▶ **GIVEN RECORDS**:

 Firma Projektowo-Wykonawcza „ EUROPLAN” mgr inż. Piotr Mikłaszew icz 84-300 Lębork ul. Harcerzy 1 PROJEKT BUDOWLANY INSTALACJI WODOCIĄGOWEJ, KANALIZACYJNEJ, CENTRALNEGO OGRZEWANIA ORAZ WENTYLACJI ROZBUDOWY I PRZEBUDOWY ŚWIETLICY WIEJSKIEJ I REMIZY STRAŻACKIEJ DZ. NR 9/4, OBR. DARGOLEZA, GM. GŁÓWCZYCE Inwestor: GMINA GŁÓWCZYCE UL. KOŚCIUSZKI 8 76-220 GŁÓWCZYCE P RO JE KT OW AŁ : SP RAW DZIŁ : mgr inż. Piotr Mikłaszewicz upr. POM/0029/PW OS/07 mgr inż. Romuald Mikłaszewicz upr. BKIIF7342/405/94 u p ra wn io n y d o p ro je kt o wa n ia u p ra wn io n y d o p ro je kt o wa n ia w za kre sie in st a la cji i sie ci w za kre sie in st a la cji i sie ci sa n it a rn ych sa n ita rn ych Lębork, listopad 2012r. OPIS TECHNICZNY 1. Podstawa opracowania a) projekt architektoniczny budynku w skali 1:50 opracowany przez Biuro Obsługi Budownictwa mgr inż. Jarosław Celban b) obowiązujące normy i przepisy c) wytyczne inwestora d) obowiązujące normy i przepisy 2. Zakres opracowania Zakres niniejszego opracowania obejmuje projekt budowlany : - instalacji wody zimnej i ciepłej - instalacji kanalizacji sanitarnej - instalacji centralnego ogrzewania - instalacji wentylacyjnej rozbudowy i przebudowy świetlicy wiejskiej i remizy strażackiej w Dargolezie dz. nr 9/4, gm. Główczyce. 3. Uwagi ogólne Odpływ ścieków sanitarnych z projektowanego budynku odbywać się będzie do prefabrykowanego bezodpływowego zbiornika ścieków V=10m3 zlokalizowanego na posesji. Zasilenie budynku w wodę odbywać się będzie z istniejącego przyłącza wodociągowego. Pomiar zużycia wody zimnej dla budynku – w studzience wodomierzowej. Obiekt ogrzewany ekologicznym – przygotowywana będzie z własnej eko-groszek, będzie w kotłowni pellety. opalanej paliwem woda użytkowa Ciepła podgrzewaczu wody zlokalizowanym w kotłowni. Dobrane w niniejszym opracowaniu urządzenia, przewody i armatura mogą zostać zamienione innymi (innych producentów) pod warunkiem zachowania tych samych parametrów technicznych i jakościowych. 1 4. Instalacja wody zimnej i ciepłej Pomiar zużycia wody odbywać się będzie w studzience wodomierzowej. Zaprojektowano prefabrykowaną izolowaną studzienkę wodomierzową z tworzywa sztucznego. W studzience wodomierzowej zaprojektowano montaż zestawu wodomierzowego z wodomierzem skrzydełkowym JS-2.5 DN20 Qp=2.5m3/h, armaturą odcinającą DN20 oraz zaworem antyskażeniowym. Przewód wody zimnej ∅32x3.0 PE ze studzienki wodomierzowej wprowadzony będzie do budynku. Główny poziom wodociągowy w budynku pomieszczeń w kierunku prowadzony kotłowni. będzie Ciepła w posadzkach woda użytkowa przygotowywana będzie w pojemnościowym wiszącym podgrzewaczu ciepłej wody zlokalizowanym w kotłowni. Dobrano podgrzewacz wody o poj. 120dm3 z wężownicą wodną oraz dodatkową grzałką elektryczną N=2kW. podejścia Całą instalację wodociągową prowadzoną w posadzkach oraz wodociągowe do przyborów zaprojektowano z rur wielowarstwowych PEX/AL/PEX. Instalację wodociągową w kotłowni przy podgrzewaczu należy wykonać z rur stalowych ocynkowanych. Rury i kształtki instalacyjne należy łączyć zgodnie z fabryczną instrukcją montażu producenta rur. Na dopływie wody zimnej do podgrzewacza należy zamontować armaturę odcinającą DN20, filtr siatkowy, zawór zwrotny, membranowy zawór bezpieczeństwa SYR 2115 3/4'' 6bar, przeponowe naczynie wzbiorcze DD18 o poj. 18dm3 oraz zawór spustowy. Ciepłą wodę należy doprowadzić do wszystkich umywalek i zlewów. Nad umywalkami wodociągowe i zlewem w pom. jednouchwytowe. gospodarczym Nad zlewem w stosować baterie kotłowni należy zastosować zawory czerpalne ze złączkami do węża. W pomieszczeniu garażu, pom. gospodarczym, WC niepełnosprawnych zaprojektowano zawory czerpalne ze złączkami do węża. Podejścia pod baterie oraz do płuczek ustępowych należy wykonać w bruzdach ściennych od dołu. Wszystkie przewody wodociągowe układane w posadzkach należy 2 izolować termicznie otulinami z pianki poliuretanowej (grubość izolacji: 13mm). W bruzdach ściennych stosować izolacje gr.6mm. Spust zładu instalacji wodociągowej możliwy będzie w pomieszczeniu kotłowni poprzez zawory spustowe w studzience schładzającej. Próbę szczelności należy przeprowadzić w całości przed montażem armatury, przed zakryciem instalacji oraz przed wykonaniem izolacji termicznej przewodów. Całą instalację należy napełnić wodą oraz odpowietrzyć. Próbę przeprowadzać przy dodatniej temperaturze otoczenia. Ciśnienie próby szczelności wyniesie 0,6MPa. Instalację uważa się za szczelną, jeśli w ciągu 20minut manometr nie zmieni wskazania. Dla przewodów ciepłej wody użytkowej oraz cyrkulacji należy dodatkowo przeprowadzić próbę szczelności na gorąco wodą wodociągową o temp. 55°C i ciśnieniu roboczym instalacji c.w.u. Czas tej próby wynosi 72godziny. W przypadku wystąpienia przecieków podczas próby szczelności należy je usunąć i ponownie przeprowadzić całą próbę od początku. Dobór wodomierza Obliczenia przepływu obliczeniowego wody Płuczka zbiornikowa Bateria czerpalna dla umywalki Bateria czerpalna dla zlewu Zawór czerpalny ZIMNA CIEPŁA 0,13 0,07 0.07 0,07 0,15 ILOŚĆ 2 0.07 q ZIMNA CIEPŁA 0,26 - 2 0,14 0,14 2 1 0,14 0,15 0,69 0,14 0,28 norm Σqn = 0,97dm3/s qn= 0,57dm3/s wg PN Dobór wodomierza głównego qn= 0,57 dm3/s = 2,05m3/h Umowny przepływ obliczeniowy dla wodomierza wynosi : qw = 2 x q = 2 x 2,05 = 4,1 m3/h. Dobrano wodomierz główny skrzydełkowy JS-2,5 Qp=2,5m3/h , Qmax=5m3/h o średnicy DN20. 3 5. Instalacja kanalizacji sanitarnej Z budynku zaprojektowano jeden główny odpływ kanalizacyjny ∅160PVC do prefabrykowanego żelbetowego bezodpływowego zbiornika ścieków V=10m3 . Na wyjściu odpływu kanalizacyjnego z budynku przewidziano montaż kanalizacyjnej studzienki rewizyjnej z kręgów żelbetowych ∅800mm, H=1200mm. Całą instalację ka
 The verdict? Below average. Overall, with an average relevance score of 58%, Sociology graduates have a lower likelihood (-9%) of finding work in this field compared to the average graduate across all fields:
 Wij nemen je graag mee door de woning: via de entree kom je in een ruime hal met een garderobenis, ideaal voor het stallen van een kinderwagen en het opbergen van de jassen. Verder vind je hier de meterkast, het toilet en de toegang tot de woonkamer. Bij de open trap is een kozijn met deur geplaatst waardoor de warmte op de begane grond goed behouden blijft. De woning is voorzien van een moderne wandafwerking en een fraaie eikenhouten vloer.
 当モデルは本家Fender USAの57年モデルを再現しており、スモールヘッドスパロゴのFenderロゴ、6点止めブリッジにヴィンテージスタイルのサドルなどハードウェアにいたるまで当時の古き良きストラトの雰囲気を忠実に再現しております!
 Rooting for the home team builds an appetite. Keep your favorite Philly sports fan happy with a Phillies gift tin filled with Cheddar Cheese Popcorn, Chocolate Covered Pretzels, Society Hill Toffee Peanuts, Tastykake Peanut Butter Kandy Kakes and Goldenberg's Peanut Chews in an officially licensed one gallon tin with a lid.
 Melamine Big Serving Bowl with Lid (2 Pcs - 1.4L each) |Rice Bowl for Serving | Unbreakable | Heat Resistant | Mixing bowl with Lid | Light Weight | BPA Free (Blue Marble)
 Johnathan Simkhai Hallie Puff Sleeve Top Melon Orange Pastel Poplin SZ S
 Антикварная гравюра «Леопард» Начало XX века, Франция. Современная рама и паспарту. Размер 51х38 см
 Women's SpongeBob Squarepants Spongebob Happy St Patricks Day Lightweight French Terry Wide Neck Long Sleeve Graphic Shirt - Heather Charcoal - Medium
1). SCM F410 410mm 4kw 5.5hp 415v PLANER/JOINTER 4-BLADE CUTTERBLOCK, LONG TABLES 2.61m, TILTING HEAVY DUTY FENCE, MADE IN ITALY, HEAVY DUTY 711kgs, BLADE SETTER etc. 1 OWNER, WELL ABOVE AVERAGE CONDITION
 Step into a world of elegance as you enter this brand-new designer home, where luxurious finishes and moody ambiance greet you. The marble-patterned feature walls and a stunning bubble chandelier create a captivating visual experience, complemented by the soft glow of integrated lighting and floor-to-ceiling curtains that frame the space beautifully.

▶ **PROBLEM STATEMENT**:
Copy word for word the stretch of entries above from the line that has "Rooting for the" through the line that has "1). SCM F410", both ends included, and nothing outside it.

▶ **WRITTEN SOLUTION**:
 Rooting for the home team builds an appetite. Keep your favorite Philly sports fan happy with a Phillies gift tin filled with Cheddar Cheese Popcorn, Chocolate Covered Pretzels, Society Hill Toffee Peanuts, Tastykake Peanut Butter Kandy Kakes and Goldenberg's Peanut Chews in an officially licensed one gallon tin with a lid.
 Melamine Big Serving Bowl with Lid (2 Pcs - 1.4L each) |Rice Bowl for Serving | Unbreakable | Heat Resistant | Mixing bowl with Lid | Light Weight | BPA Free (Blue Marble)
 Johnathan Simkhai Hallie Puff Sleeve Top Melon Orange Pastel Poplin SZ S
 Антикварная гравюра «Леопард» Начало XX века, Франция. Современная рама и паспарту. Размер 51х38 см
 Women's SpongeBob Squarepants Spongebob Happy St Patricks Day Lightweight French Terry Wide Neck Long Sleeve Graphic Shirt - Heather Charcoal - Medium
1). SCM F410 410mm 4kw 5.5hp 415v PLANER/JOINTER 4-BLADE CUTTERBLOCK, LONG TABLES 2.61m, TILTING HEAVY DUTY FENCE, MADE IN ITALY, HEAVY DUTY 711kgs, BLADE SETTER etc. 1 OWNER, WELL ABOVE AVERAGE CONDITION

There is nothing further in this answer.